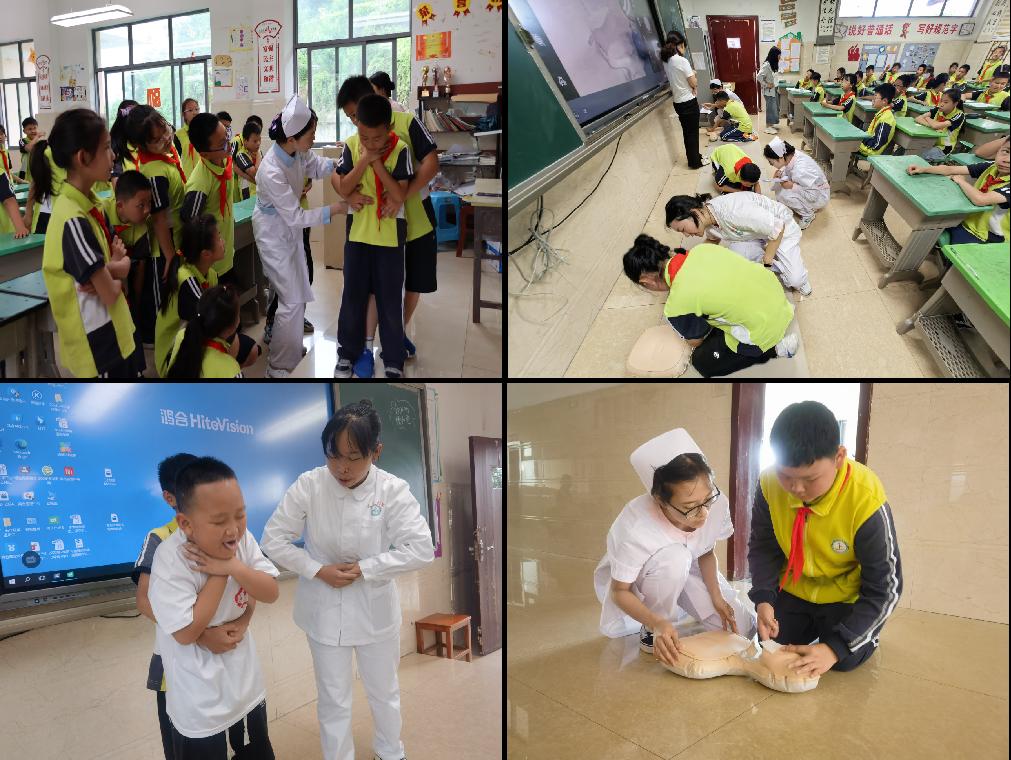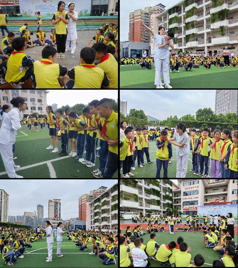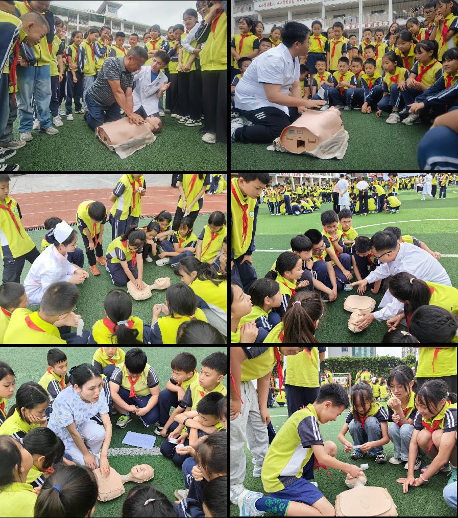 急救知识进校园,守护生命伴成长。仪式结束,学院师生分别在操场、教室采用“理论讲解+模拟示范+操作体验”的方式进行急救知识培训。针对三、四年级员工,师生们用通俗易懂的语言结合动作示范讲解了海姆立克急救法,如何用“剪刀-石头-布”的方法确定位置,如何以正确的操作冲击患者腹部直至排出异物,并指导700余员工完成操作体验。针对五、六年级员工,师生们讲解了什么是急救“黄金四分钟”,并借助人体模型演示了心肺复苏的操作步骤,600余名师生积极参与模拟演练,对于按压姿势、按压位置等问题均一一指导。
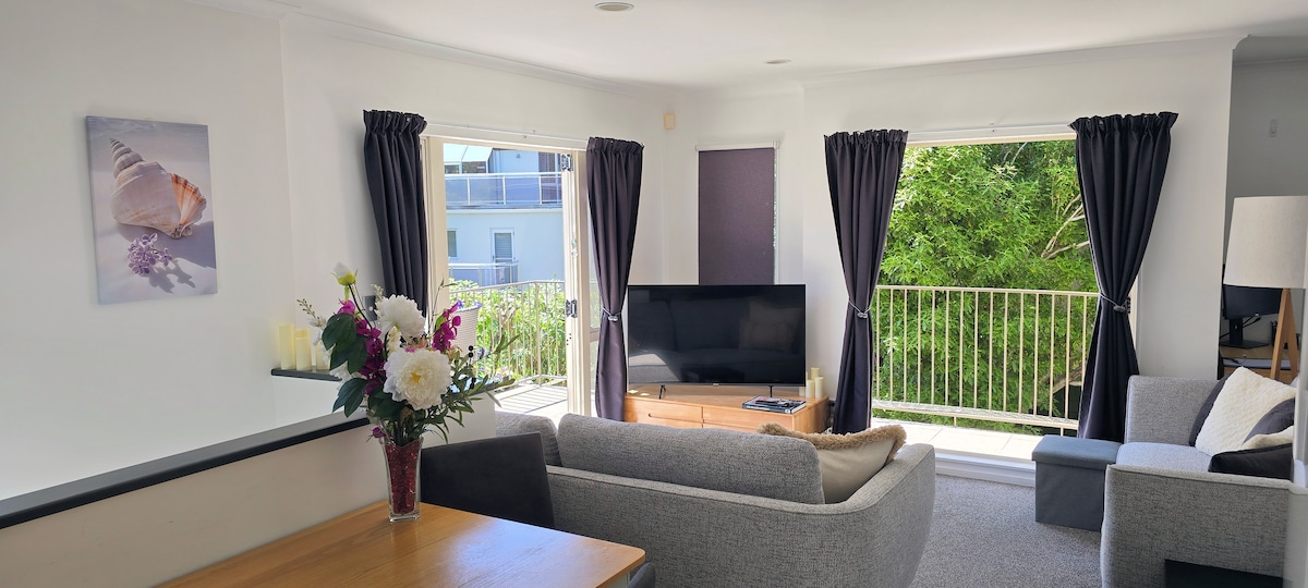 The Abode, a short walk to everywhere, is a cosy well appointed apartment, ideally situated in the heart of Mt Maunganui between the main surf beach & harbour. Enjoy views of the swimming pool and a glimpse through trees of the ocean from balcony. There is a sauna and gym. A private right of way to the ocean is a bonus .The Abode is an all-season getaway. Everywhere is a short walk; surf beach, harbour, Mt Mauao walking tracks, cafés, restaurants & boutique shopping on Mount MainStreet.
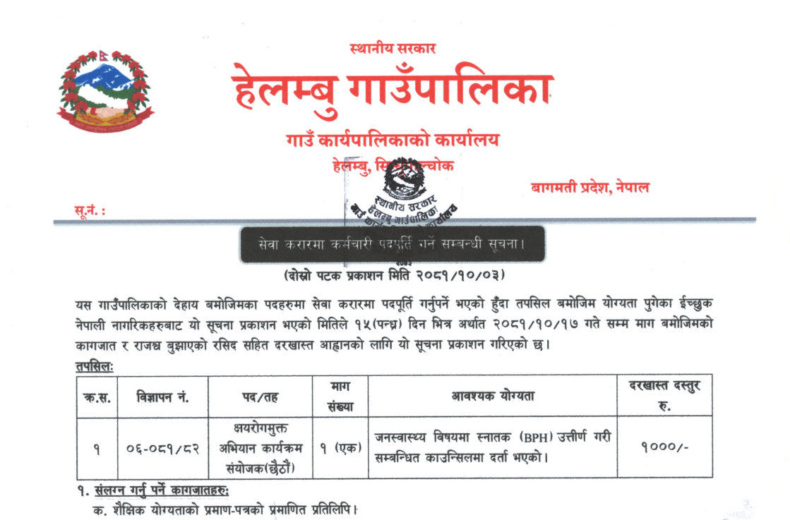 हेलम्बु गाउँपालिकामा क्षयरोग मुक्त अभियान कार्यक्रमका लागि कार्यक्रम संयोजक करारमा लिने सम्बन्धी सूचना !

──────────────────────────────

**Task details**
The data above should be returned in full, exactly as written, apart from its images.

**Answer section**
 急救知识进校园,守护生命伴成长。仪式结束,学院师生分别在操场、教室采用“理论讲解+模拟示范+操作体验”的方式进行急救知识培训。针对三、四年级员工,师生们用通俗易懂的语言结合动作示范讲解了海姆立克急救法,如何用“剪刀-石头-布”的方法确定位置,如何以正确的操作冲击患者腹部直至排出异物,并指导700余员工完成操作体验。针对五、六年级员工,师生们讲解了什么是急救“黄金四分钟”,并借助人体模型演示了心肺复苏的操作步骤,600余名师生积极参与模拟演练,对于按压姿势、按压位置等问题均一一指导。
 The Abode, a short walk to everywhere, is a cosy well appointed apartment, ideally situated in the heart of Mt Maunganui between the main surf beach & harbour. Enjoy views of the swimming pool and a glimpse through trees of the ocean from balcony. There is a sauna and gym. A private right of way to the ocean is a bonus .The Abode is an all-season getaway. Everywhere is a short walk; surf beach, harbour, Mt Mauao walking tracks, cafés, restaurants & boutique shopping on Mount MainStreet.
 हेलम्बु गाउँपालिकामा क्षयरोग मुक्त अभियान कार्यक्रमका लागि कार्यक्रम संयोजक करारमा लिने सम्बन्धी सूचना !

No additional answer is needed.